Training-free Motion Factorization for Compositional Video Generation

arXiv:2603.09104v190.7h-index: 10
Predicted impact top 17% in CV · last 90 daysOriginality Incremental advance
AI Analysis

This addresses the challenge of compositional video generation for applications like animation or simulation, though it appears incremental as it builds on existing diffusion models.

The paper tackles the problem of generating videos with multiple instances having diverse appearance and motion by proposing a motion factorization framework that decomposes motion into three categories (motionlessness, rigid, and non-rigid) and uses a planning-before-generation approach to reduce semantic ambiguities, achieving impressive performance on real-world benchmarks.
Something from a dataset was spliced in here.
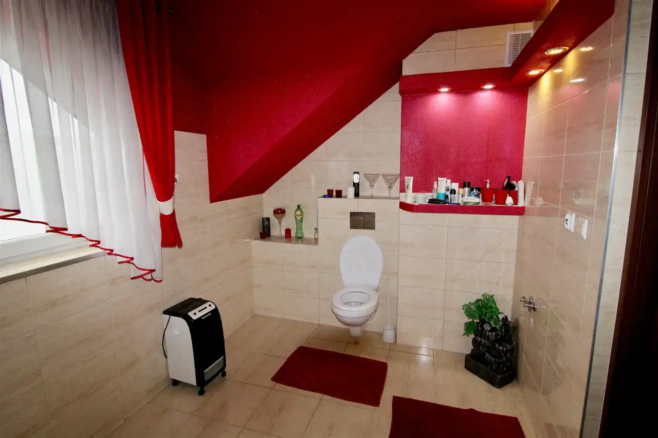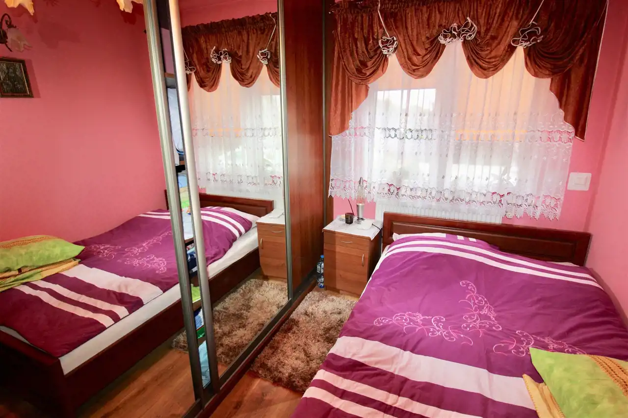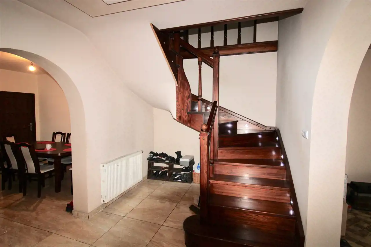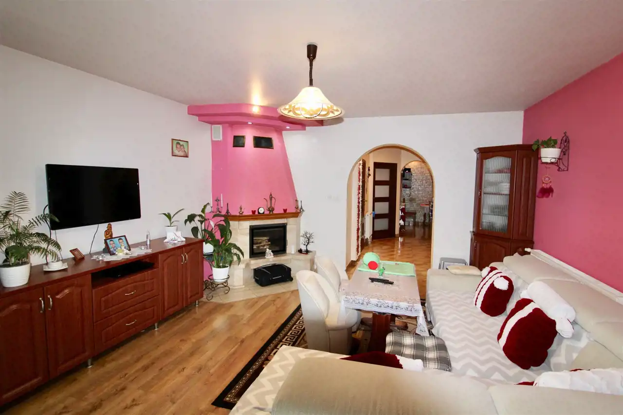 Dom wybudowany z suporeksu w 2012 roku jako dom 2-rodzinny z oddzielnymi wejściami oraz rozdzielonymi instalacjami, posiadający 6 pokoi, 2 salony, 2 kuchnie, jadalnię oraz 3 łazienki. Dom wyposażony w pompę ciepła, piec na ekogroszek, panele fotowoltaiczne 10 KW, media: prąd, woda, oczyszczalnia ekologiczna.

Compositional video generation aims to synthesize multiple instances with diverse appearance and motion, which is widely applicable in real-world scenarios. However, current approaches mainly focus on binding semantics, neglecting to understand diverse motion categories specified in prompts. In this paper, we propose a motion factorization framework that decomposes complex motion into three primary categories: motionlessness, rigid motion, and non-rigid motion. Specifically, our framework follows a planning before generation paradigm. (1) During planning, we reason about motion laws on the motion graph to obtain frame-wise changes in the shape and position of each instance. This alleviates semantic ambiguities in the user prompt by organizing it into a structured representation of instances and their interactions. (2) During generation, we modulate the synthesis of distinct motion categories in a disentangled manner. Conditioned on the motion cues, guidance branches stabilize appearance in motionless regions, preserve rigid-body geometry, and regularize local non-rigid deformations. Crucially, our two modules are model-agnostic, which can be seamlessly incorporated into various diffusion model architectures. Extensive experiments demonstrate that our framework achieves impressive performance in motion synthesis on real-world benchmarks. Our code will be released soon.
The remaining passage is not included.